At our institution, CHC is currently not considered a standard indication for either primary or salvage LT, primarily due to its aggressive tumor biology and high post-transplant recurrence rates. As a result, most CHC cases were diagnosed incidentally in explanted livers after LT. Only 1 patient in this cohort underwent salvage LT for recurrent CHC; however, the patient died due to progressive multifocal TR [32]. The 10-year all-type TR and overall OS rates were 42.7% and 51.3%, respectively, with all patients experiencing recurrence dying within 4 years of onset.

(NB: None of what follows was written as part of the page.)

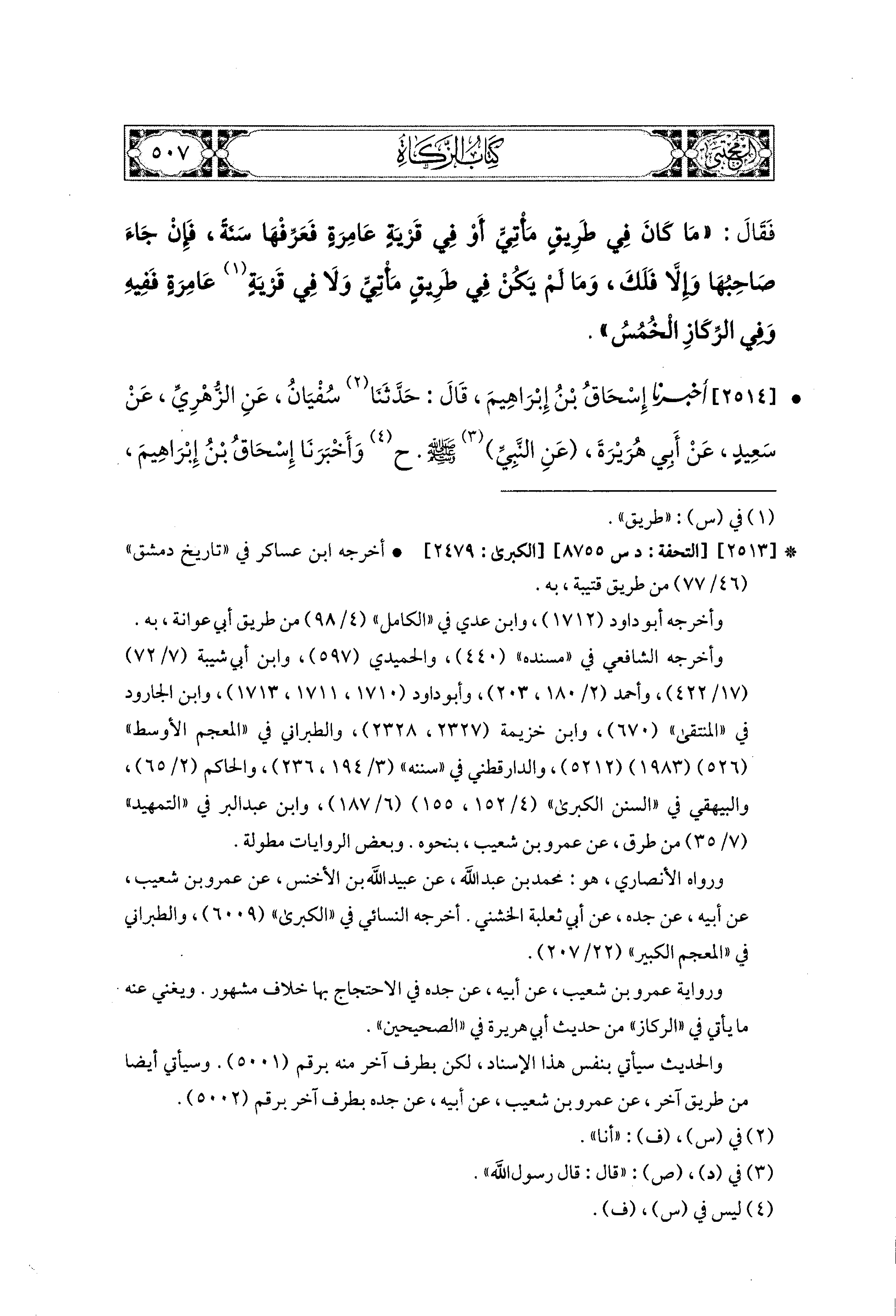 2514- أَخبَرَنا إِسحَاقُ بْنُ إِبراهِيمَ، قال: حَدثنا سُفيَانُ، عَنِ الزُّهْرِيِّ، عَن سَعيدٍ، عَن أَبي هُرَيرَةَ، عَنِ النَّبيِّ صَلى الله عَليه وسَلم (ح) وأَخبَرَنا إِسحَاقُ بْنُ إِبراهِيمَ، قَالَ: أَخبَرنا عَبدُ الرَّزَّاقِ، قال: حَدثنا مَعْمَرٌ، عَنِ الزُّهْرِيِّ، عَن سَعيدٍ، وَأَبي سَلَمَةَ، عَن أَبي هُرَيرَةَ، عَنِ النَّبيِّ صَلى الله عَليه وسَلم قَالَ: العَجْمَاءُ جَرْحُهَا جُبَارٌ، وَالبِئْرُ جُبَارٌ، وَالمَعْدِنُ جُبَارٌ، وَفِي الرِّكَازِ الخُمُسُ.

These findings highlight the need to re-evaluate and clearly define the indications for LT in patients with CHC, rather than universally regarding it as a contraindication.

Typically, ICC is more aggressive than CHC, and has long been considered a contraindication for LT. Nevertheless, several multicenter studies reported encouraging post-transplant outcomes for patients with very early-stage ICC, suggesting that LT may be a viable option, under strict selection criteria, for selected cirrhotic patients with presumed very early-stage ICC [33,34]. A similar approach may be extended to CHC. In the present study, among 17 recipients with very early-stage CHC, defined as a solitary lesion ≤2 cm without concurrent HCC (AJCC 8th edition stage IA), the 10-year TR and OS rates were 17.6% and 82.4%, respectively. These favorable long-term outcomes support the consideration of LT in patients with cirrhosis and suspected very early-stage CHC [22].

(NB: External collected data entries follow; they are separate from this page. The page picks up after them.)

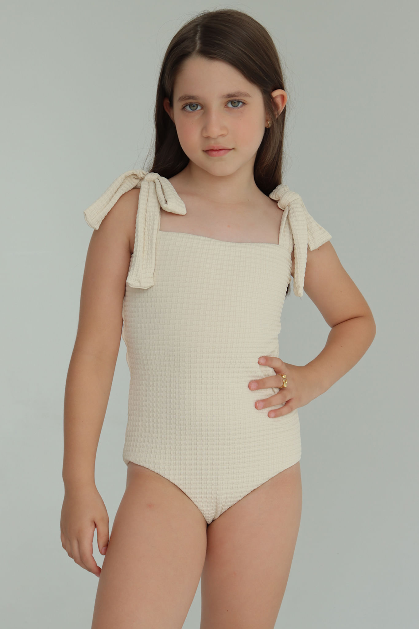 Tweed off white maiô infantil reto 2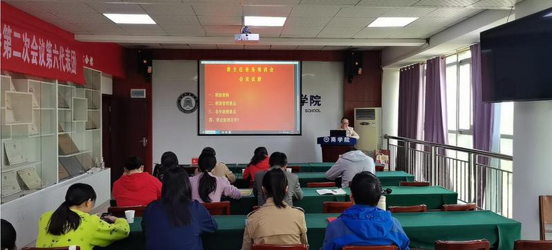 会上,学生事务办公室主任侯晓文结合自己从事辅导员和班主任的工作经历,从校、院学生会组织结构及功能的角度,仔细讲解了班级每一名班干部的职责以及应该起到的作用,强调了班干部培养的重要性,从大一到大四每个年级学生的特点着手,班主任应该分别从习惯养成、职业生涯规划、政治发展、学科竞赛、考研考公以及就业等作为抓手去管理学生。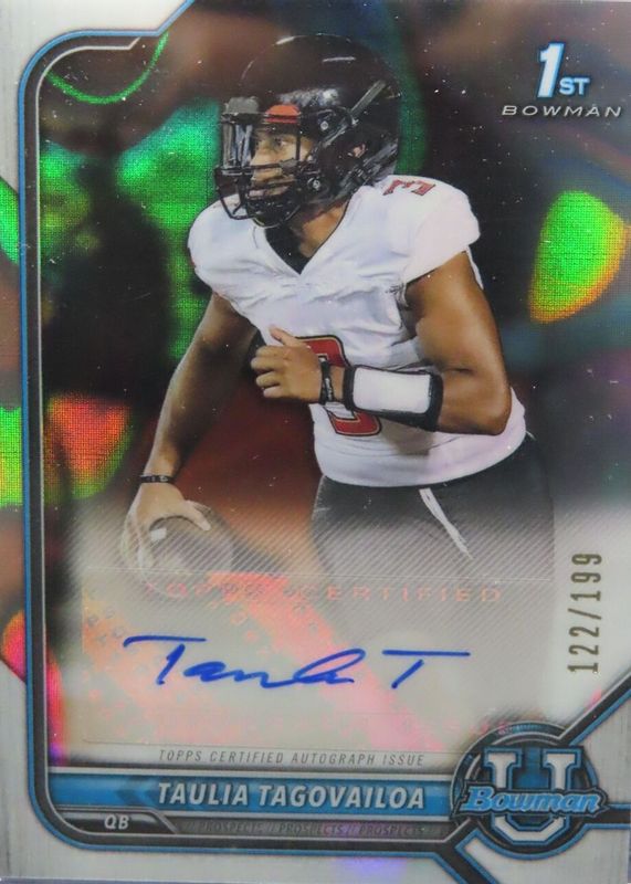 The Taulia Tagovailoa 2021 Bowman University #BCPA-TT Chrome Prospect Auto - Lava Refractor /199 (1st) card in Raw condition has not changed in price in the last 30 days and was last sold for $6.29 .

Accurate pretransplant diagnosis of CHC remains challenging. Because of its rarity, limited information is available regarding risk factors and imaging characteristics. CHC often shares radiologic features with HCC and ICC, making differentiation difficult. Classic imaging findings such as characteristic enhancement patterns or biliary ductal dilatation are not observed consistently. While serum tumor markers like AFP, PIVKA-II, and CA 19-9 can provide diagnostic clues, particularly when discordant or markedly elevated, they are not definitive. Given the critical role of imaging in LT candidacy, heightened awareness of CHC among radiologists and clinicians is essential for appropriate decision-making [35]. In cases where CHC is suspected, percutaneous liver biopsy should be considered for patients on the LT waiting list, particularly since cases with large CHC or ICC lesions are typically excluded from LT due to their high recurrence risk and poor outcomes. Conversely, and as suggested earlier, LT may be cautiously considered for cirrhotic patients with presumed very early-stage CHC or ICC.

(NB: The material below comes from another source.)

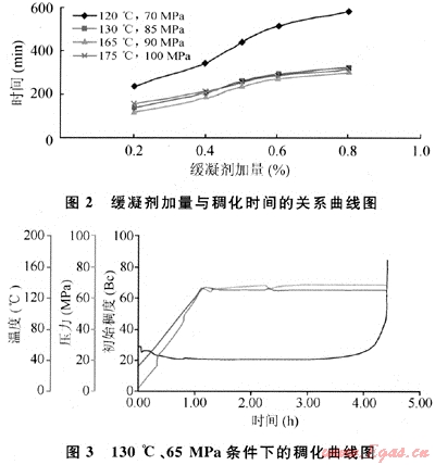 實(shí)驗(yàn)結(jié)果表明,隨著緩凝劑加量的增加,水泥漿稠化時(shí)間增大,稠化時(shí)間與摻量具有良好的線性關(guān)系。加入該高溫緩凝劑的水泥漿,初始稠度低,且在長(zhǎng)時(shí)間內(nèi)穩(wěn)定,具有很好的直角稠化特性,抗竄能力強(qiáng)。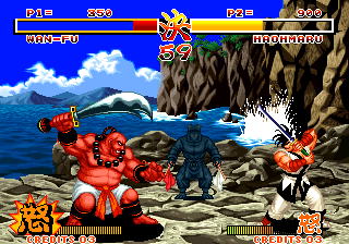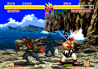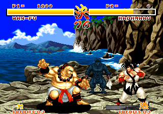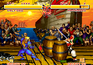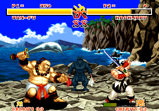 今までランダムでそういう状況が起こるのかと思っていたが、どうやらこれはボタン入力によって発生しているようだ 推測としては「鍔迫り合いで(武器を落さない)という判定結果になった場合、鍔迫り合いが終了する瞬間にボタンが入力されていると地上で技が出る」 あくまで色々やってみた上での推測ね? でもボタン入力で発生するのは間違いない模様 ボタンを押さなければ絶対に発生しない 基本的には押したボタンの通常技が出る レバーを下方向に入れていればしゃがみ技が出る レバーを前に入れていて、なおかつ相手も地上にいた場合には投げが出る これを利用するとちょっと面白いことができる 鍔迫り合い中はレバーを下に入れつつ小足を連打 小足払いなど隙の少ない技を鍔迫り合い後に出すことができれば、後ろに飛び退いた相手にジャンプ攻撃での追撃が間に合ったり 覇王丸だったら相手の着地前に斬鉄が入ることも… しかし連射器使っても安定しない上に、やっぱりランダム要素も関わってくるので実戦投入できるかというと… まあ出ればラッキー程度に考えた方がいいか |

This study is subject to several limitations. It is a retrospective analysis from a single institution located in an HBV-endemic area and involved a relatively small patient cohort, which may limit the generalizability of the findings. As with all studies of this nature, inherent biases and confounding factors cannot be entirely excluded. To more accurately delineate the clinicopathological characteristics and long-term outcomes following LT, broader multicenter and geographically diverse studies are needed. Nonetheless, a notable strength of this study is the comprehensive follow-up, with complete survival data available for all included patients.

Conclusions

CHC is often identified incidentally in explanted livers, often from patients with a history of HCC treatment, with over one-third exhibiting concurrent viable HCC. Post-transplant outcomes for CHC patients are generally unfavorable because of the high risk of TR, except in those with very early-stage disease. Given that the majority of recurrences occur within the first 5 years after transplantation, intensive surveillance is crucial during this high-risk period. Importantly, patients with very early-stage CHC may be considered appropriate candidates for LT.